[Data entries]
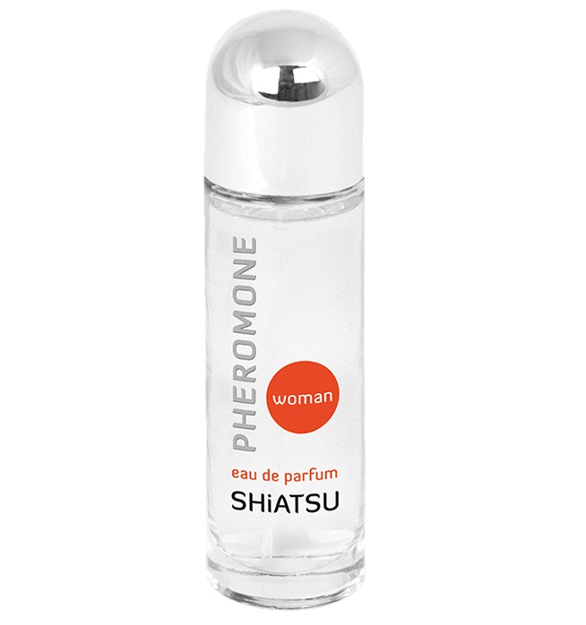Женские духи для тела с феромонами Шиатсу привлекают своим ароматом противоположный пол. В состав духов входит мандарин и герань, розовый перец и пачули, а также персик и сирень.
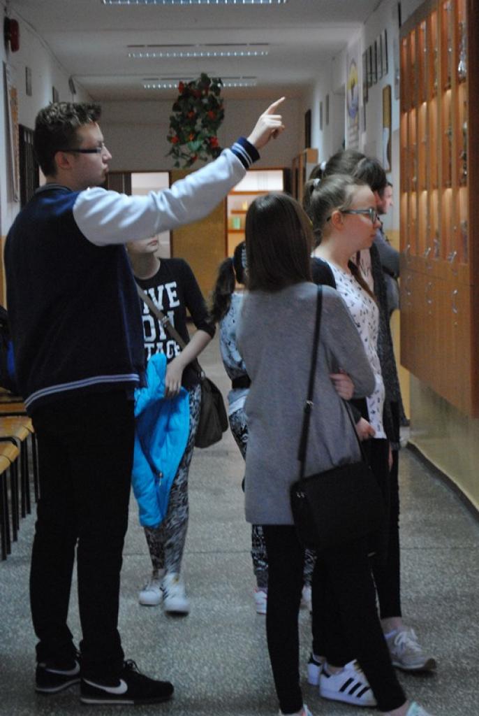 W sobotę 23 kwietnia, w Publicznym Gimnazjum im. Szarych Szeregów w Wilkasach odbył się Dzień Otwarty Szkoły. Zwiedzanie budynku, prezentacja projektów gimnazjalistów, kawiarenka słodkości – to tylko niektóre z atrakcji, które czekały odwiedzających szkołę szóstoklasistów i ich rodziców. Po Giżycku jeździł „wesoły autobus”, który można było usłyszeć z daleka, a w nim słodki poczęstunek i niemalże dyskoteka! Kto by pomyślał, że taki autobus może ich dowieźć do „Gimbazy” w Wilkasach. Od godziny 9.00 na zwiedzających czekała grupa motocyklowa „Perkun” z Giżycka, z niesamowitymi motocyklami. Jedną z atrakcji była przejażdżka na wybranym motorze. W każdej klasie coś się działo – na szóstoklasistów czekały potyczki matematyczne, pierwsza lekcja z języka niemieckiego, zabawy z angielskiego na tablicy interaktywnej, itp.. Można było zobaczyć dobrze wyposażoną salę gimnastyczną, salę fitness z lustrami na ścianie, profesjonalną siłownię z ciężkim sprzętem oraz kręgielnię. W oprowadzaniu po szkole szóstoklasistom towarzyszyli starsi koledzy, którzy opowiadali, co ciekawego dzieje się w gimnazjum, jak można aktywnie spędzić czas po lekcjach na licznych kołach zainteresowań oraz jakie mamy szkolne drużyny sportowe. Duże wrażenie zrobiły szafki na książki, które są dużym odciążeniem dla zmęczonych kręgosłupów młodych ludzi. Na sali gimnastycznej można było zobaczyć pokaz Mistrzów i Wicemistrzów Polski w Kreatywności, który cieszył się dużym zainteresowaniem. Po pokazie można było wziąć udział w pokazowej lekcji na basenie w Parku Wodnym. Szkołę oprócz szóstoklasistów odwiedzili także absolwenci gimnazjum, którzy nie tak dawno opuścili mury placówki. Z uśmiechem wspominali naukę oraz czas spędzony w tej szkole. To pokazuje jak wspaniałą więź może stworzyć szkoła, a wracający absolwenci są na to świetnym dowodem. Dzień Otwarty był pełen emocji, zakończył się o godzinie 12.00. Żaden z gości nie wyszedł z pustymi rękoma, każdy dostał szkolne gadżety w postacie długopisu oraz smyczy, dodatkowym prezentem był bilet na wejście na basen. Dziękujemy za odwiedzenie szkoły i zapraszamy za rok!
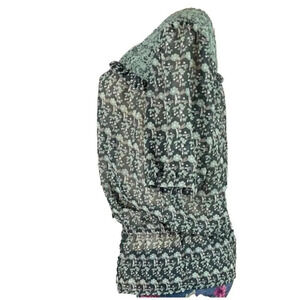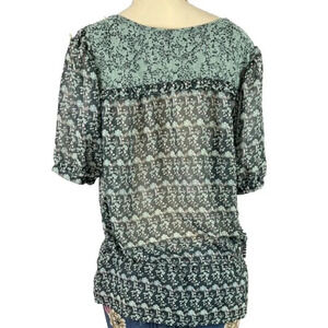 Rockmans 12 Green Floral Sheer Print Drop Elastic Waist Short Sleeve Blouse
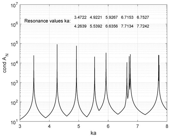 The following example provides positive answers to these questions. Figure 13 displays the spectral dependence of the condition number for the circular waveguide with an eccentrically embedded circular rod studied with the same parameters () as in Section 3.2 (see Figure 4). A truncation number of was employed in this figure. The condition number was computed in the interval using 500 points with increment . The computation times were approximately the same as for the computations described in Section 3.2 for the same truncation numbers.
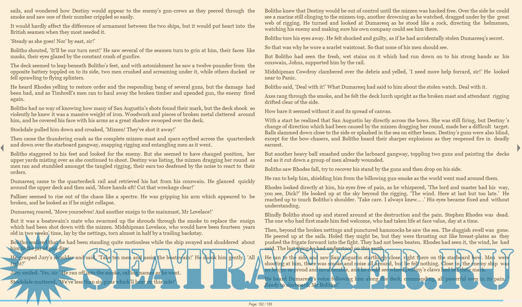 Description: A historical sea novel in which Richard Bolitho, newly appointed Third Lieutenant on the 28-gun frigate Destiny, learns to accept his new responsibilities as a King's officer as the company face the hazards of conspiracy, treason and piracy whilst on a secret mission.

• **Requirement**
Although the records contain pictures, your copy should hold only the text, reproduced exactly.

• **Completed exercise**
Женские духи для тела с феромонами Шиатсу привлекают своим ароматом противоположный пол. В состав духов входит мандарин и герань, розовый перец и пачули, а также персик и сирень.
 W sobotę 23 kwietnia, w Publicznym Gimnazjum im. Szarych Szeregów w Wilkasach odbył się Dzień Otwarty Szkoły. Zwiedzanie budynku, prezentacja projektów gimnazjalistów, kawiarenka słodkości – to tylko niektóre z atrakcji, które czekały odwiedzających szkołę szóstoklasistów i ich rodziców. Po Giżycku jeździł „wesoły autobus”, który można było usłyszeć z daleka, a w nim słodki poczęstunek i niemalże dyskoteka! Kto by pomyślał, że taki autobus może ich dowieźć do „Gimbazy” w Wilkasach. Od godziny 9.00 na zwiedzających czekała grupa motocyklowa „Perkun” z Giżycka, z niesamowitymi motocyklami. Jedną z atrakcji była przejażdżka na wybranym motorze. W każdej klasie coś się działo – na szóstoklasistów czekały potyczki matematyczne, pierwsza lekcja z języka niemieckiego, zabawy z angielskiego na tablicy interaktywnej, itp.. Można było zobaczyć dobrze wyposażoną salę gimnastyczną, salę fitness z lustrami na ścianie, profesjonalną siłownię z ciężkim sprzętem oraz kręgielnię. W oprowadzaniu po szkole szóstoklasistom towarzyszyli starsi koledzy, którzy opowiadali, co ciekawego dzieje się w gimnazjum, jak można aktywnie spędzić czas po lekcjach na licznych kołach zainteresowań oraz jakie mamy szkolne drużyny sportowe. Duże wrażenie zrobiły szafki na książki, które są dużym odciążeniem dla zmęczonych kręgosłupów młodych ludzi. Na sali gimnastycznej można było zobaczyć pokaz Mistrzów i Wicemistrzów Polski w Kreatywności, który cieszył się dużym zainteresowaniem. Po pokazie można było wziąć udział w pokazowej lekcji na basenie w Parku Wodnym. Szkołę oprócz szóstoklasistów odwiedzili także absolwenci gimnazjum, którzy nie tak dawno opuścili mury placówki. Z uśmiechem wspominali naukę oraz czas spędzony w tej szkole. To pokazuje jak wspaniałą więź może stworzyć szkoła, a wracający absolwenci są na to świetnym dowodem. Dzień Otwarty był pełen emocji, zakończył się o godzinie 12.00. Żaden z gości nie wyszedł z pustymi rękoma, każdy dostał szkolne gadżety w postacie długopisu oraz smyczy, dodatkowym prezentem był bilet na wejście na basen. Dziękujemy za odwiedzenie szkoły i zapraszamy za rok!
 Rockmans 12 Green Floral Sheer Print Drop Elastic Waist Short Sleeve Blouse
 The following example provides positive answers to these questions. Figure 13 displays the spectral dependence of the condition number for the circular waveguide with an eccentrically embedded circular rod studied with the same parameters () as in Section 3.2 (see Figure 4). A truncation number of was employed in this figure. The condition number was computed in the interval using 500 points with increment . The computation times were approximately the same as for the computations described in Section 3.2 for the same truncation numbers.
 Description: A historical sea novel in which Richard Bolitho, newly appointed Third Lieutenant on the 28-gun frigate Destiny, learns to accept his new responsibilities as a King's officer as the company face the hazards of conspiracy, treason and piracy whilst on a secret mission.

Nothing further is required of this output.